Economic diversification and investment-driven growth have continued to make East Africa the region with the strongest economic growth on the continent, the latest report from the Institute of Chartered Accountants in England and Wales (ICAEW) has disclosed.

According to the ICAEW report released on Wednesday, East Africa has a forecast of 6.3 per cent growth in 2018 and Ethiopia remains the region’s powerhouse, with growth forecast at 8.1 per cent, after recent reforms under new Prime Minister Abiy Ahmed.

Kenya’s strong growth (forecast at 5.4 per cent in 2018), the report says, results from a services boom. “While the economies are smaller, growth rates in Tanzania and Rwanda (both 6.7 per cent) are extremely impressive.

ICAEW Regional Director, Michael Armstrong, who released the report in Nairobi, Kenya, said that, surprisingly, Uganda, which is discussed in depth in a dedicated section in the report, received more remittance income of $1.4 billion in 2017 than Ethiopia’s $816 million and South Africa’s $837 million.

The report further noted that in North Africa, very strong performances in Libya and Egypt help to drag overall GDP growth up.

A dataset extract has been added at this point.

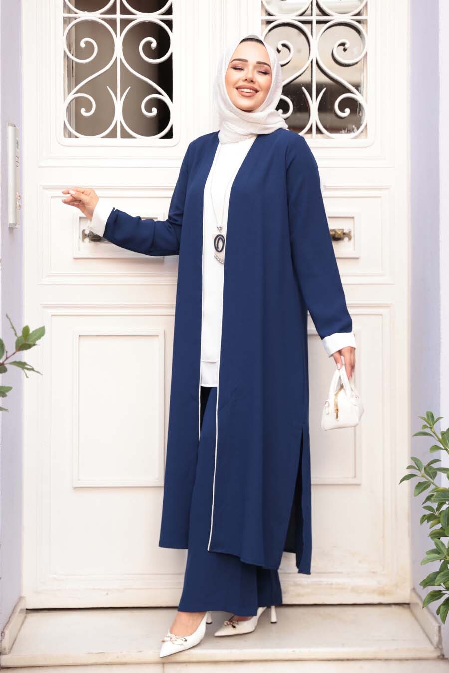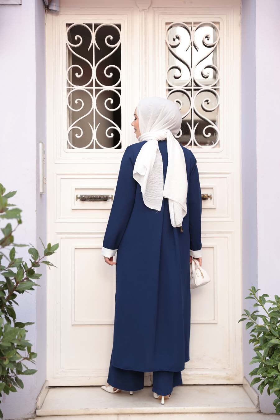 Ürün Özelliği:Sıfır yaka, uzun kollu, etek ucu yırtmaçlı, kolyeli, içlikli, pantolon belden lastikli ve geniş paçadır. Ürün Boyu:Üst:125 cm Alt:104 cm

In Libya, continued improvements in oil production after the civil conflict are expected to result in GDP growth of 16.5 per cent this year.

In Egypt, structural and policy reforms have boosted manufacturing and investment while the tourism sector has continued to recover; GDP growth in 2018 is forecast at 5.3 percent.

These two performances will boost the North Africa’s region’s growth to 1.8 per cent, even if the picture in Morocco, Algeria and Tunisia is less rosy, noted the accountancy body.

South Africa accounts for over 60 per cent of the GDP of Southern Africa, said the ICAEW report, adding that South Africa continued slow growth in the regional heavyweight (forecast at 1.5 per cent for 2018) weighs on overall growth in the region.

The report pointed out that the forecast 1.5 per cent growth in Angola, which accounts for another 18 per cent of regional output, and the forecast 1.8 per cent contraction in Zimbabwe would not help.

According to the report, strong growth in Botswana and Zambia will be insufficient to make a difference. Growth in the franc zone is forecast at 4.6 per cent, largely driven by a boost of 7.4 per cent in the region’s biggest economy, Ivory Coast, where investment is driving rapid expansion.